Автомашина ушла. Лесопилка продолжала пожирать бревно за бревном.
Кабель, хитро пропущенный в подземелье, как и прежде, подавал электрический свет наборщику и энергию печатному станку, который не только не был разобран, но работал с еще большей нагрузкой.
Все шло, как прежде. Изменилось лишь содержимое тесового ящика: в нем увезли предателя Маречека-Цотака.
КУДА ДЕЛСЯ МАРЕЧЕК?
— Пиши: «Двадцать первого августа 1944 года в деревне Туречка были убиты три гардиста…» Перечисли имена и фамилии, год рождения и должность. Всё полностью. Вообще всю докладную пиши подробнее. Пан полковник любит обстоятельные, толковые докладные… — говорил комендант Младек секретарю, расхаживая по кабинету и потирая от удовольствия руки. — Написал?
Сутулый, тощий секретарь в форме гардистского офицера утвердительно кивнул.
— «На полицейских, находившихся при исполнении служебных обязанностей, среди бела дня напал отряд вооруженных коммунистов». Здесь перечисли имена, фамилии, год рождения всех, кто сидит сейчас в камере с русским.
— И Лонгавера? — удивленно посмотрел секретарь.
— Всех!.. Дальше: «Мной была организована облава, в результате которой банда из шести перечисленных коммунистов поймана. Потерь с нашей стороны нет. Легко ранен полицейский Любомир Заграда»…
— Разве он ранен?
— А ты не видел, какой у него под глазом фонарь и весь ободран?
— Так это ж он пьяный свалился с кручи… еще в понедельник.
— Пиши, а не рассуждай!.. — Комендант нервно топнул ногой и несколько раз молча прошелся по кабинету. — Готово?
Секретарь покорно кивнул.
— «Все бандиты признали свою вину и сегодня же будут расстреляны». — Комендант прихлопнул рукой по столу, что означало окончание дела. — Докладную повезешь сейчас же.

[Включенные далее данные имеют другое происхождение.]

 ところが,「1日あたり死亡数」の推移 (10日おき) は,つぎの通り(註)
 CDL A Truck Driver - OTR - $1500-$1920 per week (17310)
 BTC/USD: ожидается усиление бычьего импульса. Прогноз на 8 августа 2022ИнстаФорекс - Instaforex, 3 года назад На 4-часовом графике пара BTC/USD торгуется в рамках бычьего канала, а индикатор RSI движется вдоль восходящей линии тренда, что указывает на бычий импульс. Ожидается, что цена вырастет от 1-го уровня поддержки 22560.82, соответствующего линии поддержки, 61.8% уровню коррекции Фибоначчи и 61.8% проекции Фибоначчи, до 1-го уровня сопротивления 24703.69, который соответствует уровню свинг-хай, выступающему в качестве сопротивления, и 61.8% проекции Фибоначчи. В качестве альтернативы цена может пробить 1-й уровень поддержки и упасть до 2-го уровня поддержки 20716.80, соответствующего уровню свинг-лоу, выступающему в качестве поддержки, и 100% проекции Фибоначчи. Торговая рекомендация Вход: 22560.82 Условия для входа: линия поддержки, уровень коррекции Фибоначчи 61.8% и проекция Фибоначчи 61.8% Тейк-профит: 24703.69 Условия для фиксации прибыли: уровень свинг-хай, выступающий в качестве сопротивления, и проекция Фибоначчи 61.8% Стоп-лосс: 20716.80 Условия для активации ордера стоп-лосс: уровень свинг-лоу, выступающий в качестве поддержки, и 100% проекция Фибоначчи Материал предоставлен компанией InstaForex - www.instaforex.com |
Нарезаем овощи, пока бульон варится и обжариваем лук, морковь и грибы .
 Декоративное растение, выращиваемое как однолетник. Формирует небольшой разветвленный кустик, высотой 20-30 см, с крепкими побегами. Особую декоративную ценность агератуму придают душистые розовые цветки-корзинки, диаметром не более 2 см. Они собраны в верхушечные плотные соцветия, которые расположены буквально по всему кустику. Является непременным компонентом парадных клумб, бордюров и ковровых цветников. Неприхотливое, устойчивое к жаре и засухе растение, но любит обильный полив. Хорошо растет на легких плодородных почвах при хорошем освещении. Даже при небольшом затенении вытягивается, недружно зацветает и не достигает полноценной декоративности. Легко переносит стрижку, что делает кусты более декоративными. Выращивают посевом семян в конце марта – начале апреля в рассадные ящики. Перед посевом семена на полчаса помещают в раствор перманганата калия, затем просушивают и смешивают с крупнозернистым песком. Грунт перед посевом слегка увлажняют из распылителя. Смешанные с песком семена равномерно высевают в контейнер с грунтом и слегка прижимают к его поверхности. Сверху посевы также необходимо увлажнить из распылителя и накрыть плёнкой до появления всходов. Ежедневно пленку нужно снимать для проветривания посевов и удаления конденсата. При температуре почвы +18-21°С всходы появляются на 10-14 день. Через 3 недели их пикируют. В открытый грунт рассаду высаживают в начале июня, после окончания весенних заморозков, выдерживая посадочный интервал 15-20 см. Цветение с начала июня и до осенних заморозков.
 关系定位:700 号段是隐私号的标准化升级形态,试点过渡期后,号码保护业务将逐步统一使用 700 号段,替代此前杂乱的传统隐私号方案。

— А может, часок подождать да сразу?..
— Намекаешь на типографию? — ухмыльнулся Младек. — Ты исполнительный и аккуратный служака, Иржи, но ты не дипломат. Два таких громких дела смазать в одно! Надо уметь не только работать, но и преподнести свою работу начальству. Дай ему сразу две докладные, так он второй так обрадуется, что первую и не заметит. А лучше не спеша, по порядку: сегодня в Старых Горах арестована банда, завтра в Старых Горах раскрыта подпольная типография, послезавтра еще что-нибудь. Думаешь, это не оценят?
Секретарь подобострастно улыбнулся:
— Быть вам, пан комендант, министром!
— На мотоцикл!
Комендант Младек только минуту оставался один. Дверь кабинета распахнулась, точно ее ветром сорвало, и в комнату влетел запыхавшийся помощник.
— Что такое?
— Убит Матейка!
— Матейка?! — выходя из-за стола, угрожающе переспросил комендант. — Как вы это могли допустить, пан Быстрицкий?

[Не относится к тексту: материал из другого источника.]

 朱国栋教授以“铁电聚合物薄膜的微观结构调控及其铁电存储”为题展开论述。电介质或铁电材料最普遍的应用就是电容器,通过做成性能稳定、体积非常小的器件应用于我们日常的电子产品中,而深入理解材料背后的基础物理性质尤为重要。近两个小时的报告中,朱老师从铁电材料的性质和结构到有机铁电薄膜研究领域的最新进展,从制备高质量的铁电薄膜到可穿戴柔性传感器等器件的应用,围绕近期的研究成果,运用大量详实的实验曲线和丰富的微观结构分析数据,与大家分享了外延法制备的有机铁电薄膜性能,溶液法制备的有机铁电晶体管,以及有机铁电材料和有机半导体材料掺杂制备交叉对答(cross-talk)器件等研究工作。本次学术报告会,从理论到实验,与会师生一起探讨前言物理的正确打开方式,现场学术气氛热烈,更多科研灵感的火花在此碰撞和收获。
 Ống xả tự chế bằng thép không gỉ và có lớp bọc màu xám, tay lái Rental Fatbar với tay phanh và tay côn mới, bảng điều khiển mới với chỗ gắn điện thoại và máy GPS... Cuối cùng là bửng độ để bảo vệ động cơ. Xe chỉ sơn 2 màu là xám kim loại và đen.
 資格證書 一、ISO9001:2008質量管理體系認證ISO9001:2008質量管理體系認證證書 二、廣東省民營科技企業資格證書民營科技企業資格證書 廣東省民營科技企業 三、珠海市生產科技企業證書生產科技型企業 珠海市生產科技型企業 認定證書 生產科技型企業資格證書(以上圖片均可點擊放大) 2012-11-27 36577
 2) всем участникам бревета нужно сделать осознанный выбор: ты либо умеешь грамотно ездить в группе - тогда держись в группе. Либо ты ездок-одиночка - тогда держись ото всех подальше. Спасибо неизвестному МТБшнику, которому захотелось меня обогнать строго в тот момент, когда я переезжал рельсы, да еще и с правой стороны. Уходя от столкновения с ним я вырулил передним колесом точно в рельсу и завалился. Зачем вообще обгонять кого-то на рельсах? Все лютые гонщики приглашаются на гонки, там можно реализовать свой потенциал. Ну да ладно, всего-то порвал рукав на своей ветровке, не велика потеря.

— Сегодня он был занят слежкой за Маречеком, — пояснил Быстрицкий.
— Знаю. А где Маречек?
— Пропал!
— Как — пропал? Что значит пропал?
— Нигде нет. Как в воду канул!
— Горячку порешь! Задерживается он. Дело у него сложное…
— Разрешите доложить?
— Что еще?
— Я думаю, что Маречек водил нас за нос, что он и туда и сюда. А теперь, когда Красная Армия близко, он сбежал, чтобы потом выплыть чистеньким, коммунистом…

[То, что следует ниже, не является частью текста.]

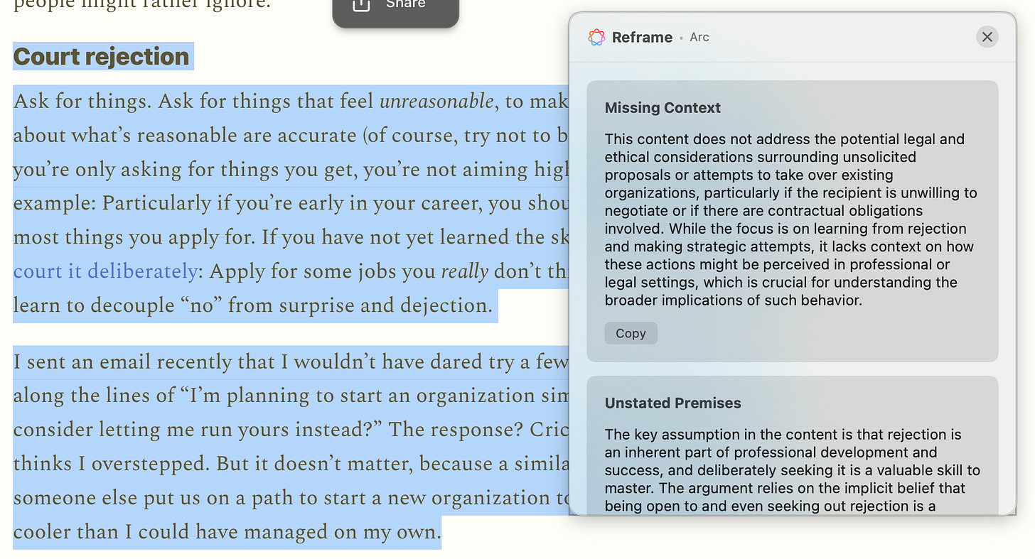 A day later (and it only took that long because I had to sleep), I built just that—Kaleidoscope now lets you select any text on your computer (including native apps and on the web), press Command+Shift+R, and get three reframes right on top of the content itself.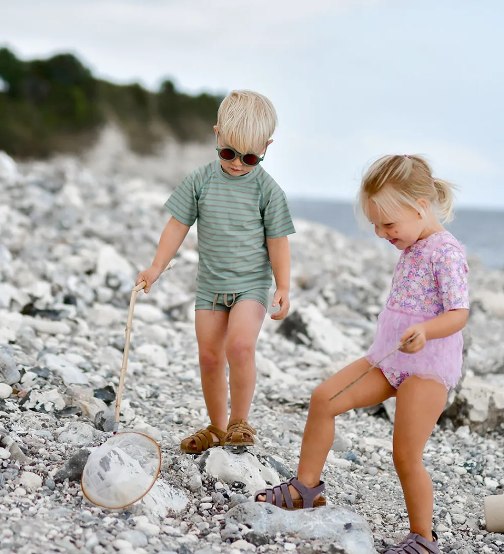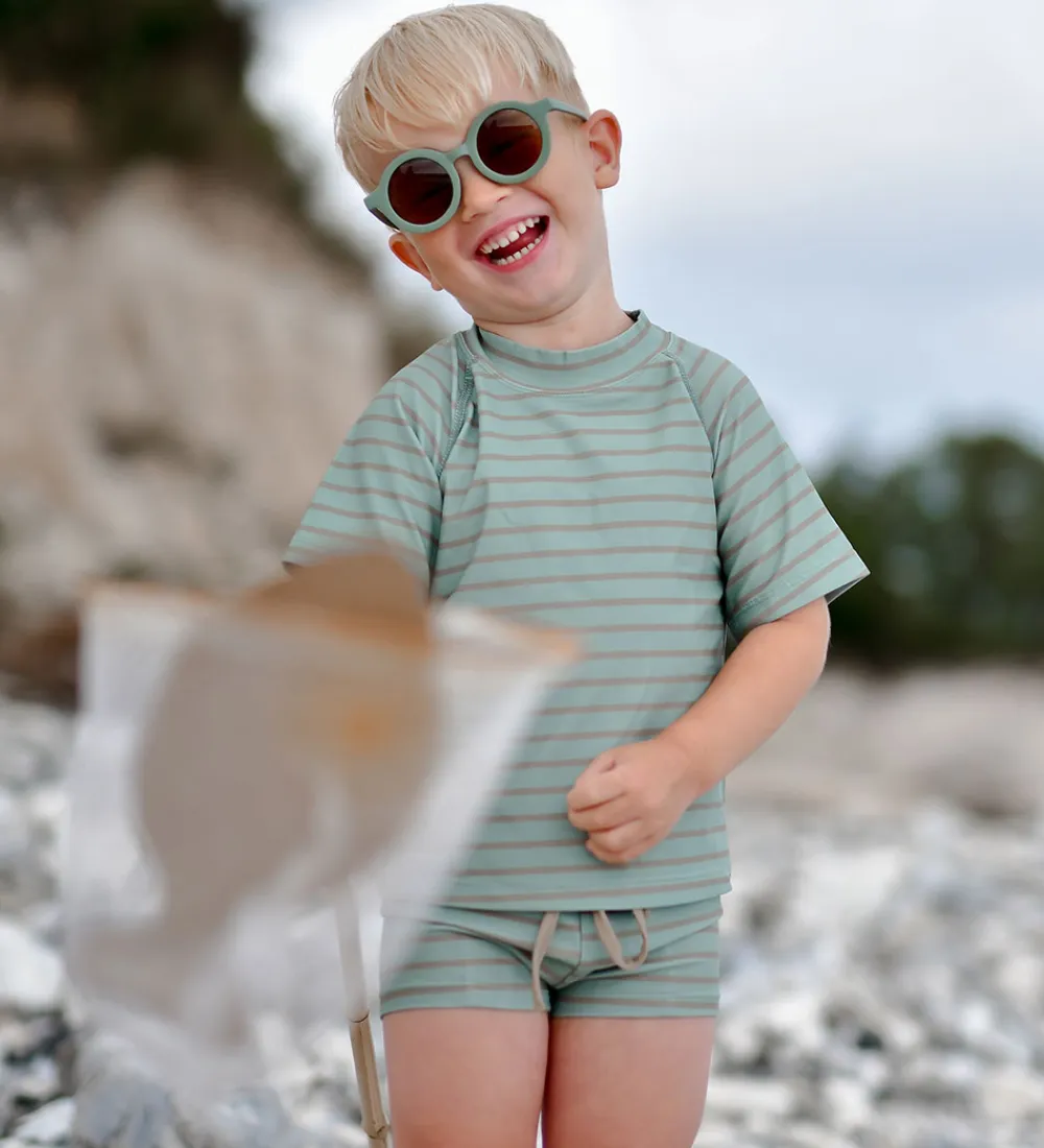 Flot Mikk-Line badebluse med korte ærmer i en frisk grøn nuance med vandrette striber. Mikk-Line badetøjet har en afslappet pasform, der gør det komfortabelt for børnene at bære.

— Чистеньким? — Комендант захохотал. — Не бывать ему чистеньким! Не бывать!
Большими шагами Младек мерил комнату из угла в угол. Теперь он уже не потирал удовлетворенно рук.
— Да-а-а… Не зря меня фарар предупреждал… Ну, вот что: арест Кошика и его компании произведем ночью, после расстрела русского и шестерки.
— Правильно, пан комендант: ночью, как кур на нашесте! А то у них такая связь, что не успеешь схватить одного, как все узнают.
— Рядовых сейчас распусти. Только чтобы не напивались до бесчувствия. А в двадцать два ноль-ноль всем быть здесь.
Дождь перестал. Ветер утих. Сквозь решетку смотрела белая, напуганная громами и молниями луна. На улице было тихо. Тихо, как бывает перед ожиданием чего-то самого страшного.
Когда окровавленного, избитого до неузнаваемости Гришу полицейские втолкнулл в камеру, кто-то кинулся на помощь.
Придя в себя, Гриша подполз к окну, медленно поднялся и, ухватившись за холодные толстые прутья решетки, приник к стеклу и молчал.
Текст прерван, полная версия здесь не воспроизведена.